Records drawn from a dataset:
+---+
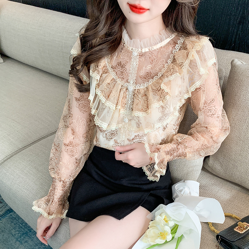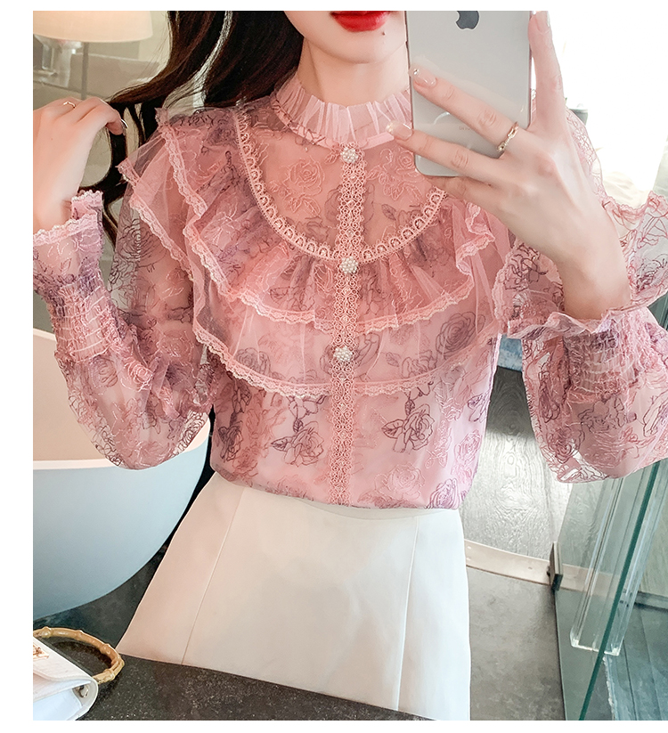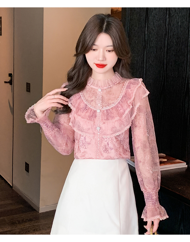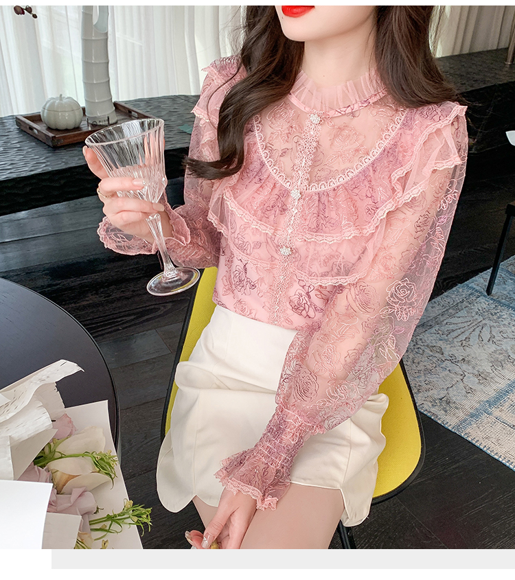 RM33918#新款重工刺绣蕾丝雪纺衫女荷叶边时尚气质上衣
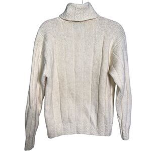 Vintage Ralph Lauren 100% Wool Cable Knit Turtleneck Sweater Ivory Cream Size S
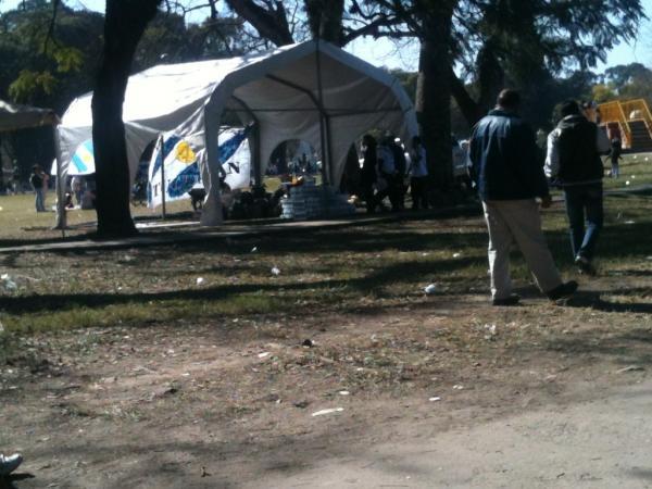 La Campora montó una carpa en Av. B. Araoz y desde allí reparte agua y comida a los militantes q están en el Hipódromo.
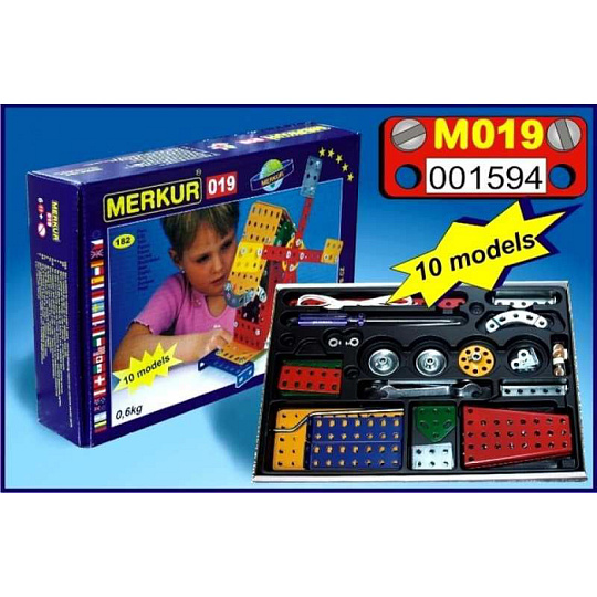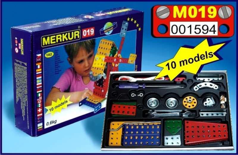 Ze stavebnice Merkur 019 Mlýn je možné dle návodu sestavit až 10 různých modelů pouťových atrakcí. Malí konstruktéři mohou sestavit i model dle svých představ, fantazii se meze nekladou. Stavebnice obsahuje 182 dílků. Vhodné i pro děti, které s Merkurem začínají. Se sestavenými modely si lze hrát, jsou velmi odolné.
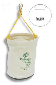 Buckingham 1215 Tool Bucket New Canvas Bucket Made With Heavy Canvas Construction. Solid Continuous Pvc Ring In Top And A Polypropylene Rope With 4958 Brass Swivel Snap. Features An 8" X 8" Inside Pocket And Has A Molded Rubber Bottom. 12" Dia. X 15" H.
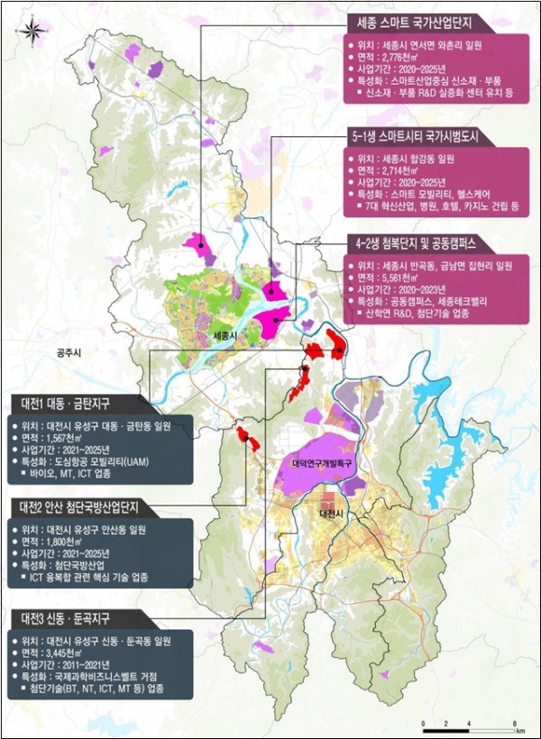 대전시와 세종시는 이번 용역에 양 도시의 강점을 최대한 반영하여 산업적.기능적으로 연결하고, 최근 개정된 ‘경제자유구역의 지정 및 운영에 관한 특별법’ 내용에 부응할 수 있는 첨단.핵심전략산업 육성 정책도 포함한다는 방침이다.
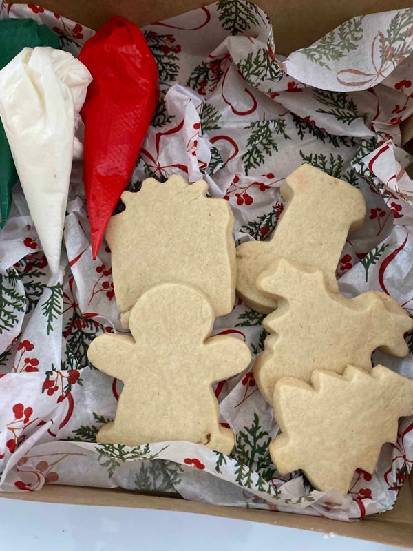 HolidaysSkip the store bought boxes this year and enjoy this perfect activity and tasty treat with Rose & Sugar cookies! Each kit comes with 5 smaller Christmas cookies perfect size for kids! It includes 5 colored icings (black, brown, green, red and white) all made fresh to order!
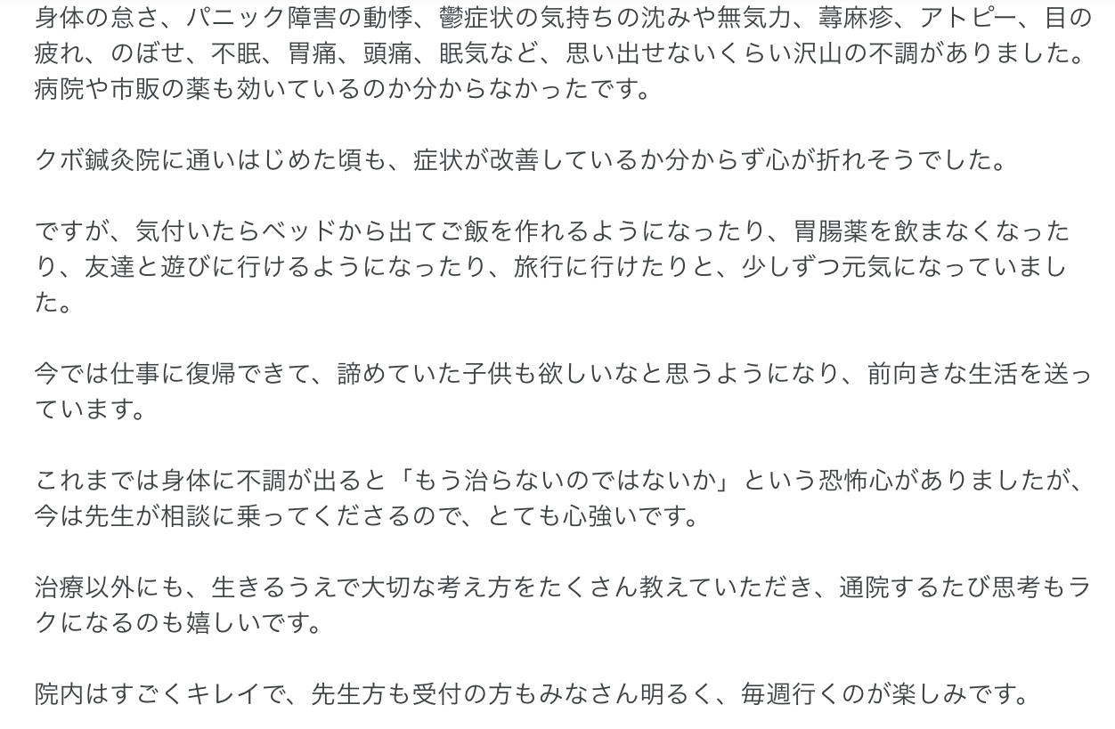 どこの鍼灸がよいのか、と考えた際、不調が気になってからお世話になっていた漢方の先生のお勧めでクボ鍼灸院に伺いました。
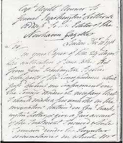 In response to what Tilghman reported, Washington ordered that his correspondence on the Asgill Affair be made public.[47] Colonel David Humphreys, Washington's aide-de-camp, gathered correspondence in support of him and created an article to send to Josiah Meigs and Eleutheros Dana, publishers of The New Haven Gazette and the Connecticut Magazine, where they were published on 16 November 1786.[48][49] These letters excluded Washington's letter written to General Hazen on 18 May 1782, ordering him to include conditional prisoners in the selection of lots, in which he had violated the 14th Article of Capitulation.[17] The only letter from Asgill included in Washington's account published in The New Haven Gazette and Connecticut Magazine was his letter of 17 June 1782,[50] in which he expressed his gratitude for the treatment he had received in Chatham, but this was printed with the date of 17 May (which was before lots were drawn).[48] When writing it, Asgill was only just three weeks into his confinement.
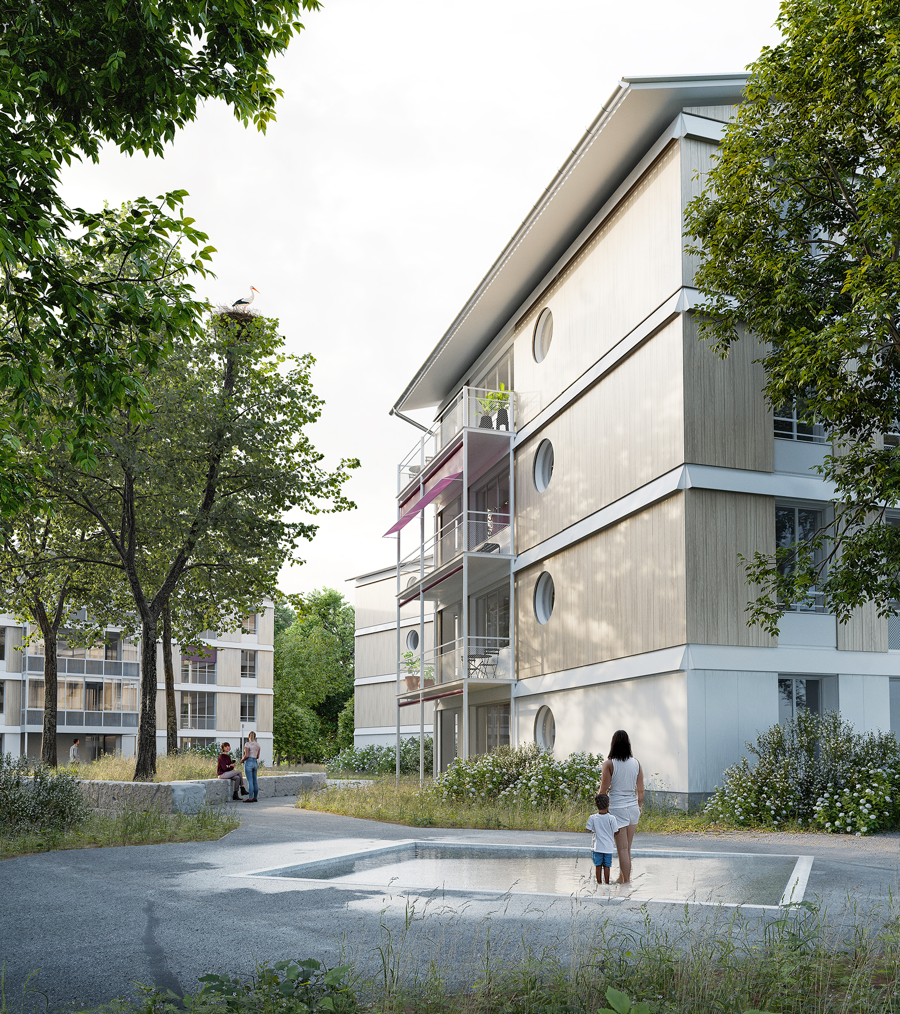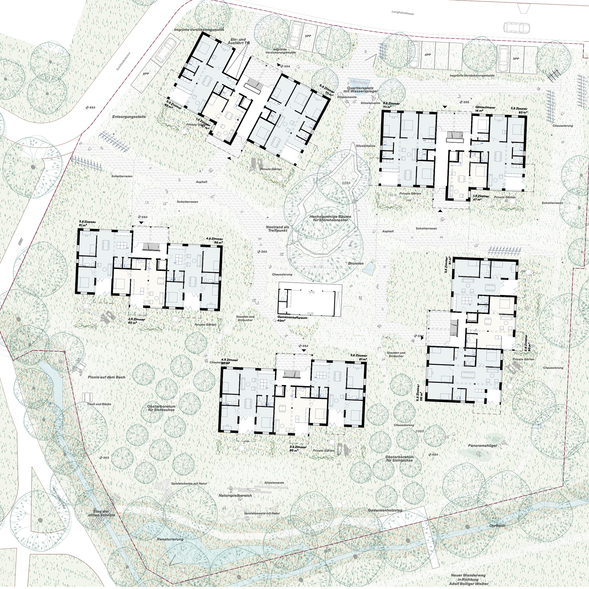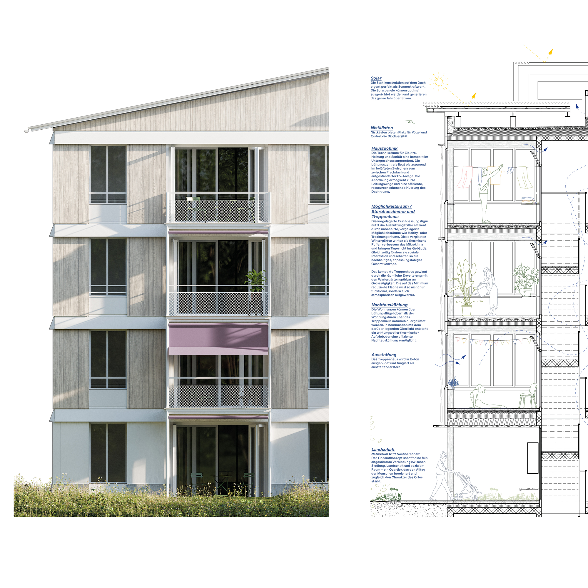 Die neue Siedlung entwickelt die ortstypische Struktur weiter und setzt auf eine starke Verzahnung mit dem baulichen, landschaftlichen und sozialen Kontext. Klare Adressen und fein austarierte Aussenräume schaffen Orientierung und Identifikation. Im Zentrum des Entwurfs steht das Konzept der „Möglichkeitsräume“: unbeheizte, vorgelagerte Wintergärten, die nicht zur Ausnützungsziffer zählen – und dennoch räumlichen, ökologischen und sozialen Mehrwert erzeugen. Sie wirken als thermische Pufferzonen, verbessern das Mikroklima, bringen Tageslicht tief in die Erschliessung und senken die Betriebskosten. Als flexible Räume – von Atelier über Musikzimmer bis Hausaufgabenraum – reagieren sie auf wechselnde Lebensrealitäten. Gleichzeitig entstehen Orte informeller Begegnung, die die Nachbarschaft stärken. Das Konzept versteht Wohnen als dynamischen Prozess: ein robustes System, das neue Wohnqualitäten schafft, Spielräume im Baurecht nutzt und auf zukünftige Entwicklungen reagieren kann. Die Architektur stärkt den gemeinschaftlichen Charakter der Siedlung, ohne die Privatheit zu vernachlässigen. Durch gezielte Blickbezüge entsteht ein ausgewogenes Verhältnis von Rückzug und Teilhabe. So trägt das Projekt zur sozialen Durchmischung und langfristigen Identitätsbildung bei.
+---+
• [WORK REQUEST]: Set down the data above exactly as written. Omit the pictures.

• [OUTPUT OF THE EXERCISE]:
 RM33918#新款重工刺绣蕾丝雪纺衫女荷叶边时尚气质上衣
 Vintage Ralph Lauren 100% Wool Cable Knit Turtleneck Sweater Ivory Cream Size S
 La Campora montó una carpa en Av. B. Araoz y desde allí reparte agua y comida a los militantes q están en el Hipódromo.
 Ze stavebnice Merkur 019 Mlýn je možné dle návodu sestavit až 10 různých modelů pouťových atrakcí. Malí konstruktéři mohou sestavit i model dle svých představ, fantazii se meze nekladou. Stavebnice obsahuje 182 dílků. Vhodné i pro děti, které s Merkurem začínají. Se sestavenými modely si lze hrát, jsou velmi odolné.
 Buckingham 1215 Tool Bucket New Canvas Bucket Made With Heavy Canvas Construction. Solid Continuous Pvc Ring In Top And A Polypropylene Rope With 4958 Brass Swivel Snap. Features An 8" X 8" Inside Pocket And Has A Molded Rubber Bottom. 12" Dia. X 15" H.
 대전시와 세종시는 이번 용역에 양 도시의 강점을 최대한 반영하여 산업적.기능적으로 연결하고, 최근 개정된 ‘경제자유구역의 지정 및 운영에 관한 특별법’ 내용에 부응할 수 있는 첨단.핵심전략산업 육성 정책도 포함한다는 방침이다.
 HolidaysSkip the store bought boxes this year and enjoy this perfect activity and tasty treat with Rose & Sugar cookies! Each kit comes with 5 smaller Christmas cookies perfect size for kids! It includes 5 colored icings (black, brown, green, red and white) all made fresh to order!
 どこの鍼灸がよいのか、と考えた際、不調が気になってからお世話になっていた漢方の先生のお勧めでクボ鍼灸院に伺いました。
 In response to what Tilghman reported, Washington ordered that his correspondence on the Asgill Affair be made public.[47] Colonel David Humphreys, Washington's aide-de-camp, gathered correspondence in support of him and created an article to send to Josiah Meigs and Eleutheros Dana, publishers of The New Haven Gazette and the Connecticut Magazine, where they were published on 16 November 1786.[48][49] These letters excluded Washington's letter written to General Hazen on 18 May 1782, ordering him to include conditional prisoners in the selection of lots, in which he had violated the 14th Article of Capitulation.[17] The only letter from Asgill included in Washington's account published in The New Haven Gazette and Connecticut Magazine was his letter of 17 June 1782,[50] in which he expressed his gratitude for the treatment he had received in Chatham, but this was printed with the date of 17 May (which was before lots were drawn).[48] When writing it, Asgill was only just three weeks into his confinement.
 Die neue Siedlung entwickelt die ortstypische Struktur weiter und setzt auf eine starke Verzahnung mit dem baulichen, landschaftlichen und sozialen Kontext. Klare Adressen und fein austarierte Aussenräume schaffen Orientierung und Identifikation. Im Zentrum des Entwurfs steht das Konzept der „Möglichkeitsräume“: unbeheizte, vorgelagerte Wintergärten, die nicht zur Ausnützungsziffer zählen – und dennoch räumlichen, ökologischen und sozialen Mehrwert erzeugen. Sie wirken als thermische Pufferzonen, verbessern das Mikroklima, bringen Tageslicht tief in die Erschliessung und senken die Betriebskosten. Als flexible Räume – von Atelier über Musikzimmer bis Hausaufgabenraum – reagieren sie auf wechselnde Lebensrealitäten. Gleichzeitig entstehen Orte informeller Begegnung, die die Nachbarschaft stärken. Das Konzept versteht Wohnen als dynamischen Prozess: ein robustes System, das neue Wohnqualitäten schafft, Spielräume im Baurecht nutzt und auf zukünftige Entwicklungen reagieren kann. Die Architektur stärkt den gemeinschaftlichen Charakter der Siedlung, ohne die Privatheit zu vernachlässigen. Durch gezielte Blickbezüge entsteht ein ausgewogenes Verhältnis von Rückzug und Teilhabe. So trägt das Projekt zur sozialen Durchmischung und langfristigen Identitätsbildung bei.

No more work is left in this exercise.